Saved entries
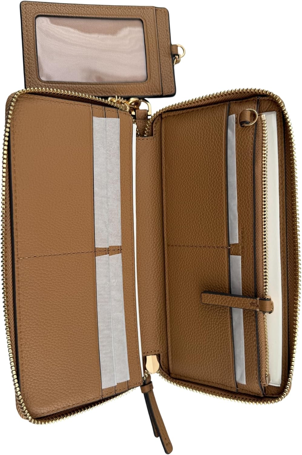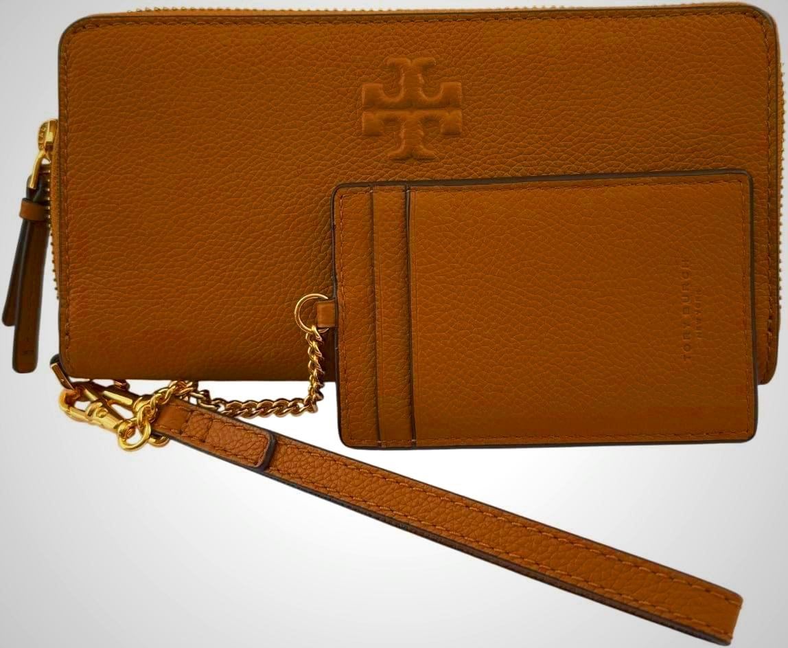 The Tory Burch Women’s Pebble Leather Thea Zip Continental Wallet combines style and functionality. Crafted from premium pebble leather, it features a zip-around design, multiple card slots, and a removable ID case for secure organization. Ideal for everyday use, this wallet offers durability and a sophisticated look in the elegant Tiramisu color.
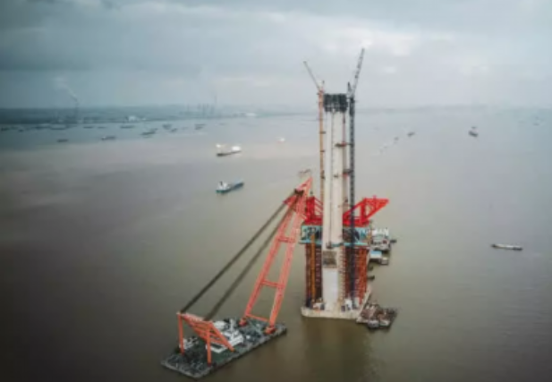 1月25日,29#主墩南北两侧“大吊车”将各重约1600吨的双节间钢桁梁安全、精准地同步起吊至70余米处高空的设计位置。沪通长江大桥主航道桥沪通长江大桥主航道桥全面开始双悬臂架设。
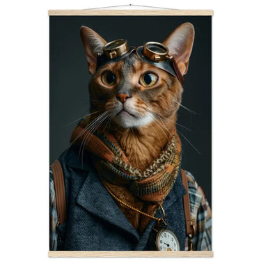 Dieses exklusive Kunstposter zeigt eine charismatische Katze als stilvollen Zeitreisenden, gekleidet in ein aufwendig gestaltetes Steampunk-Vintage-Outfit. Der tiefblaue Mantel mit feinen Karomustern, edlen Lederdetails und einer antik anmutenden goldenen Uhr erzählt eine visuelle Geschichte voller Eleganz, während retro-futuristische Brillen mit bronzefarbenen Akzenten dem Motiv eine abenteuerliche, fantasievolle Note verleihen. Vor einem dunklen, atmosphärischen Hintergrund kommt die ausdrucksstarke Erscheinung und die detailreiche Gestaltung besonders eindrucksvoll zur Geltung und macht das Werk zu einem echten Blickfang für anspruchsvolle Wohnräume.
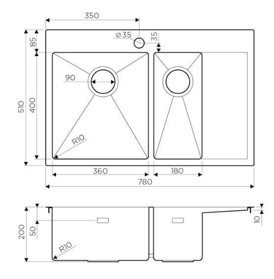 Размер выреза под мойку при монтаже под столешницу: 760х490 мм., угловой радиус врезки 10 мм.
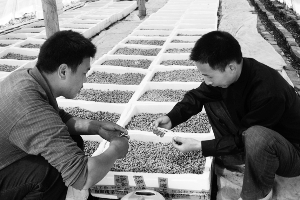5月4日,保靖县毛沟镇白坪村种养大户刘波(右)与会员一起了解芽菜生长情况。2008年底,刘波自费在外学习蔬菜高效无土栽培技术,回乡后在县民政局、老区办的大力支持下,投资10万元,在白坪民政果园建起了绿色无公害的“白坪村蔬菜生产基地”,日前已成功培育了西红柿、辣椒及芽菜系列,投放市场后,供不应求,获得了很高的经济效益,填补了该县蔬菜高效无土栽培的空白。 彭 达 摄

== Your objective ==
Each record above is to be returned unchanged, while any picture it holds stays out.

== Problem solution ==
 The Tory Burch Women’s Pebble Leather Thea Zip Continental Wallet combines style and functionality. Crafted from premium pebble leather, it features a zip-around design, multiple card slots, and a removable ID case for secure organization. Ideal for everyday use, this wallet offers durability and a sophisticated look in the elegant Tiramisu color.
 1月25日,29#主墩南北两侧“大吊车”将各重约1600吨的双节间钢桁梁安全、精准地同步起吊至70余米处高空的设计位置。沪通长江大桥主航道桥沪通长江大桥主航道桥全面开始双悬臂架设。
 Dieses exklusive Kunstposter zeigt eine charismatische Katze als stilvollen Zeitreisenden, gekleidet in ein aufwendig gestaltetes Steampunk-Vintage-Outfit. Der tiefblaue Mantel mit feinen Karomustern, edlen Lederdetails und einer antik anmutenden goldenen Uhr erzählt eine visuelle Geschichte voller Eleganz, während retro-futuristische Brillen mit bronzefarbenen Akzenten dem Motiv eine abenteuerliche, fantasievolle Note verleihen. Vor einem dunklen, atmosphärischen Hintergrund kommt die ausdrucksstarke Erscheinung und die detailreiche Gestaltung besonders eindrucksvoll zur Geltung und macht das Werk zu einem echten Blickfang für anspruchsvolle Wohnräume.
 Размер выреза под мойку при монтаже под столешницу: 760х490 мм., угловой радиус врезки 10 мм.
5月4日,保靖县毛沟镇白坪村种养大户刘波(右)与会员一起了解芽菜生长情况。2008年底,刘波自费在外学习蔬菜高效无土栽培技术,回乡后在县民政局、老区办的大力支持下,投资10万元,在白坪民政果园建起了绿色无公害的“白坪村蔬菜生产基地”,日前已成功培育了西红柿、辣椒及芽菜系列,投放市场后,供不应求,获得了很高的经济效益,填补了该县蔬菜高效无土栽培的空白。 彭 达 摄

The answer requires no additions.